Research Group Recommends More Women Consider Removing Fallopian Tubes

The Ovarian Cancer Research Alliance launched a campaign Feb. 1 urging women to learn more about their risk for ovarian cancer and recommending that women of average risk consider having their fallopian tubes removed if they are finished having children and are getting pelvic surgery for other reasons. Ovarian cancer is the fifth most common cause of cancer death in women, and research has found that the most common and deadly forms of ovarian cancer develop first in the fallopian tubes. While other cancers are more common, there is no effective screening test for ovarian cancer. As a result, symptoms tend not to be caught until the cancer has grown to an advanced stage, resulting in low survival rates, the New York Times reports. “It is considered experimental,” Stephanie Blank, a gynecologic oncologist and president of the Society of Gynecologic Oncology, told the Times of the recommendation. But “it makes scientific sense and has a lot of appeal.” While removing the ovaries with the fallopian tubes is still the best way to prevent ovarian cancer—and recommended for women who have inherited genes that put them at higher risk of developing it—experts say the ovaries continue to have a role in hormone production. Removing the fallopian tubes during another surgery is a lower impact way for most women to reduce their risk.

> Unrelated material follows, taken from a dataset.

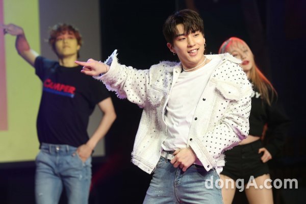 문종업이 7일 오후 서울 강남구 일지아트홀에서 열린 첫 번째 싱글앨범 \'HEADACHE\' 발매 쇼케이스에서 새로운 무대를 선보이고 있다.

Treatment Recommendations Rely on Age Over Condition

A study of women who got surgery for high-risk breast cancers found that the likelihood of a 70-year-old woman being recommended for radiation therapy was 53% lower than for a woman just a year younger. The results, using data from the National Cancer Database and published in the International Journal of Radiation Oncology, Biology, Physics, showed that women in the 50 to 69 age group were recommended for radiation 90% to 92% of the time, but only 81% of women who were 70 were recommended for radiation. The effect was also seen in lower-risk cancers, where researchers saw a 14% drop in the odds of having hormonal therapy recommended between ages 69 and 70. “For certain subsets in cancer care, there are guidelines that say we can consider different treatment for patients with more advanced-stage disease vs. younger patients,” said Wesley J. Talcott, an author on the study and a radiation oncologist with Northwell Health, in an article in Healio. “This is somewhat arbitrarily set at age 70 in many guidelines, but obviously there’s nothing magical about that number.”

1.9 Million Cancer Diagnoses Expected in U.S. in 2023

An annual report on cancer trends projects 1.9 million new cancer cases in the U.S. in the coming year, the Washington Post reports. The American Cancer Society article, published in CA: A Cancer Journal for Clinicians, noted that the country is also expected to have 609,820 cancer deaths, a continuation of a downward trend in the cancer mortality rate that represents a 33% drop since its peak in 1991. Other highlights include a 65% drop over the past 10 years in the rate of cervical cancer for women in their early 20s, a development the report attributes to the human papillomavirus virus vaccine. But it also noted that prostate cancer rates have started rising 3% per year after declining for a period of 20 years. The report, which uses data from cancer registries and the National Center for Health Statistics, cited screening, advances in treatment, and behavioral changes, particularly the decline in tobacco use, as reasons for the continued drop in the cancer mortality rate.